Francis Law Firm Opposes Florida House Bill 903

Tony Francis of the Francis Law Firm is front and center against the controversial workers’ compensation bill, and he urges Governor Crist to veto it. There are some excellent reasons why.

On Friday, May 1, 2009, the Florida Legislature passed HB 903 dealing with workers’ compensation. Tony Francis of the Francis Law Firm, and the Florida Justice Association (FJA), strongly opposed this unfair legislation. A fight was tirelessly waged throughout the legislative session to get the controversial bill either amended or killed. Last minute compromises failed and now the bill is headed to the governor for his signature.
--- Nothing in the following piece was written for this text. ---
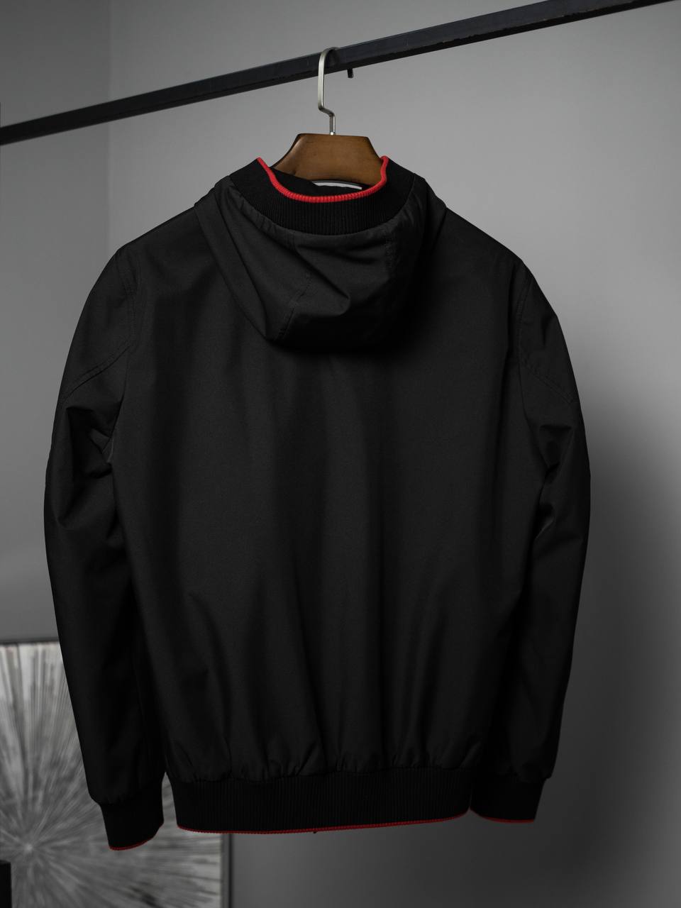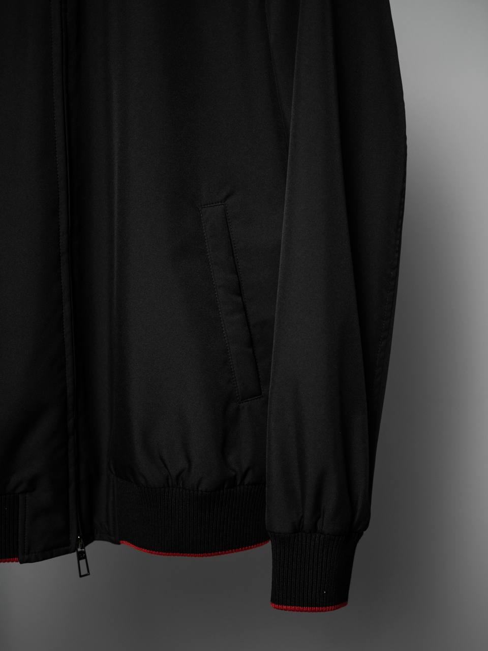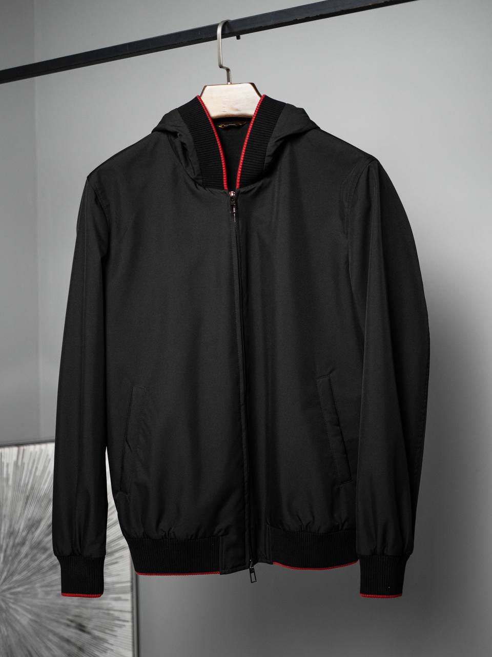 Мужская куртка Loro Piana LUX-104261 — это стильная и функциональная куртка для повседневной носки. Куртка выполнена в классическом черном цвете с контрастными красными деталями на воротнике, манжетах и подоле, что придает ей элегантный вид. Имеет спортивный стиль.

The bill essentially prevents Florida’s injured workers from finding an attorney willing to represent them in court. House Bill 903 creates an uneven playing field as injured workers are placed at a disadvantage because they are unable to pay their attorneys “reasonable compensation.” The bill gives insurance companies a decidedly unfair advantage by encouraging bad claims handling practices and eliminating penalties for wrongfully denying claims.
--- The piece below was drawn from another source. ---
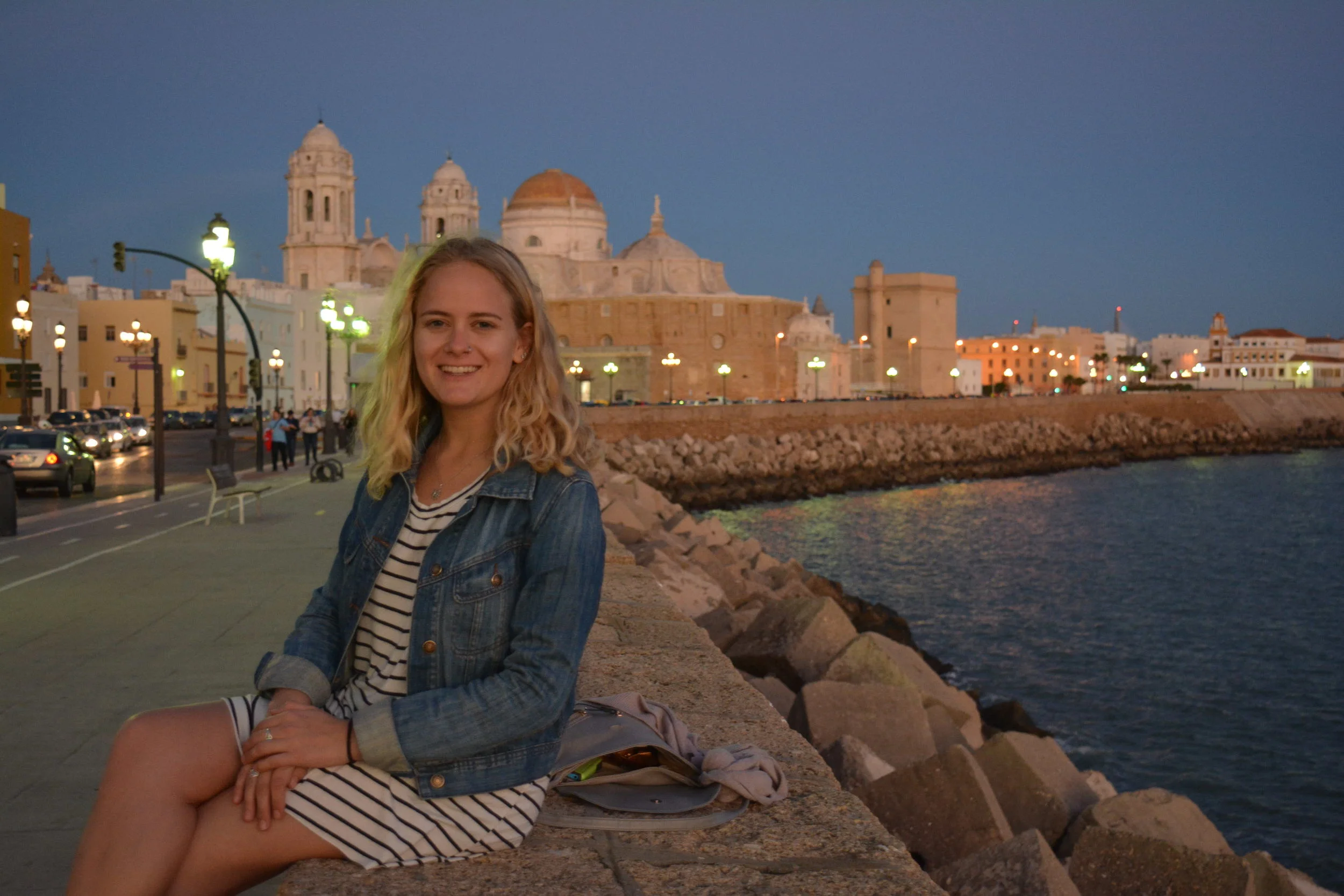 Sitting in front of the Cathedral Nueva in Cadiz, Spain.(Photo by: Ginger Hervey)

Asserts Tony Francis of the Orlando-based Francis Law Firm, “Deletion of the word ‘reasonable’ will mean more litigation contesting the ability to access the courts to obtain wrongfully denied benefits by injured workers and first responders.” Furthermore, without the obligation to pay a ‘reasonable fee,’ the insurance carrier “can keep on denying benefits and coerce injured workers into taking quick and unreasonable settlements,” Francis argues. It’s also a question of access. “Why is it considered okay to block the access to the courts for injured workers and first responders by capping attorney’s fees when workers’ compensation benefits are wrongfully denied?”

Francis places HB903 in the stark relief of a citizen perspective. “What’s the upshot of all this? It’s easy to see what will happen. Unable to recover the benefits they need for survival; injured workers will be left to the lottery-like applications required by social programs such as Medicaid to pay their bills. It’s pretty obvious that the real bills will end up being paid by taxpayers, as is too often the case.”

Wealthy insurance companies are the true beneficiaries of this ill-advised legislation. “The injured workers won’t be getting their day in court, no matter how egregious the workplace might have been to cause accidents that in at least some cases, could have been prevented,” Francis concludes.